Segment Start: RAW DATA

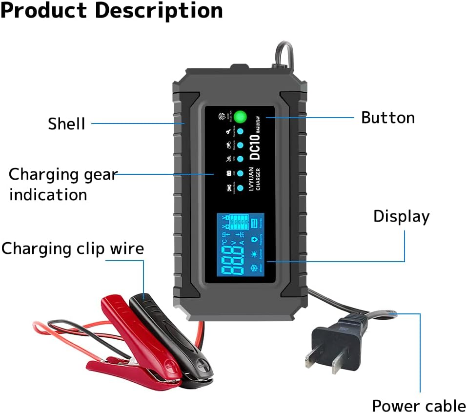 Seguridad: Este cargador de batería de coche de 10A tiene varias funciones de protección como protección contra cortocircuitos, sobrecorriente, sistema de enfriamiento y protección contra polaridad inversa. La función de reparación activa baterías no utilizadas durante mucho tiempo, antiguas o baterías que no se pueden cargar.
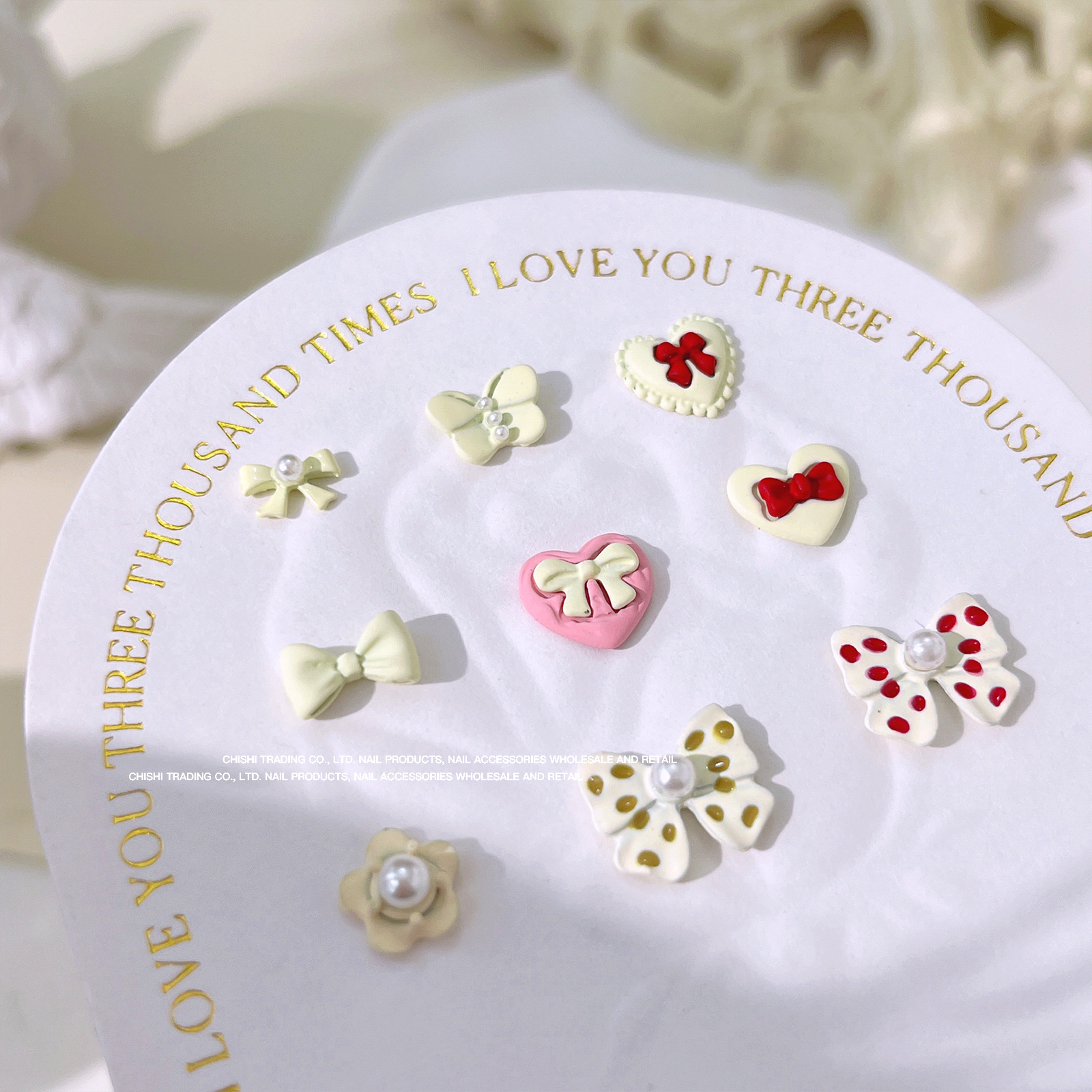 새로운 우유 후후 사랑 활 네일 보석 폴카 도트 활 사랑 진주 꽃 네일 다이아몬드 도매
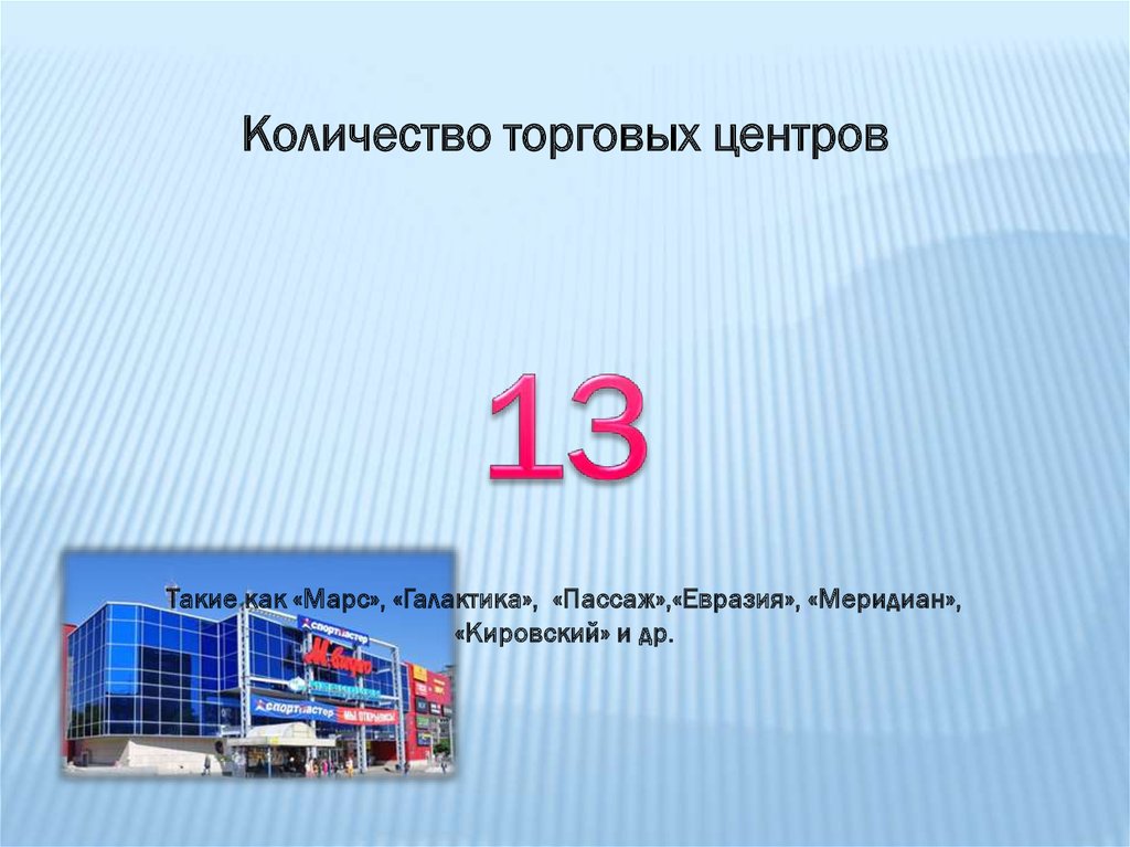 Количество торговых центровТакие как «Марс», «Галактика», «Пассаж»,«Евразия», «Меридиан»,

Segment End: RAW DATA

- [WHAT TO PRODUCE]: Copy out all the data exactly. The images should not appear in the copy.

- [YOUR RESPONSE]:
 Seguridad: Este cargador de batería de coche de 10A tiene varias funciones de protección como protección contra cortocircuitos, sobrecorriente, sistema de enfriamiento y protección contra polaridad inversa. La función de reparación activa baterías no utilizadas durante mucho tiempo, antiguas o baterías que no se pueden cargar.
 새로운 우유 후후 사랑 활 네일 보석 폴카 도트 활 사랑 진주 꽃 네일 다이아몬드 도매
 Количество торговых центровТакие как «Марс», «Галактика», «Пассаж»,«Евразия», «Меридиан»,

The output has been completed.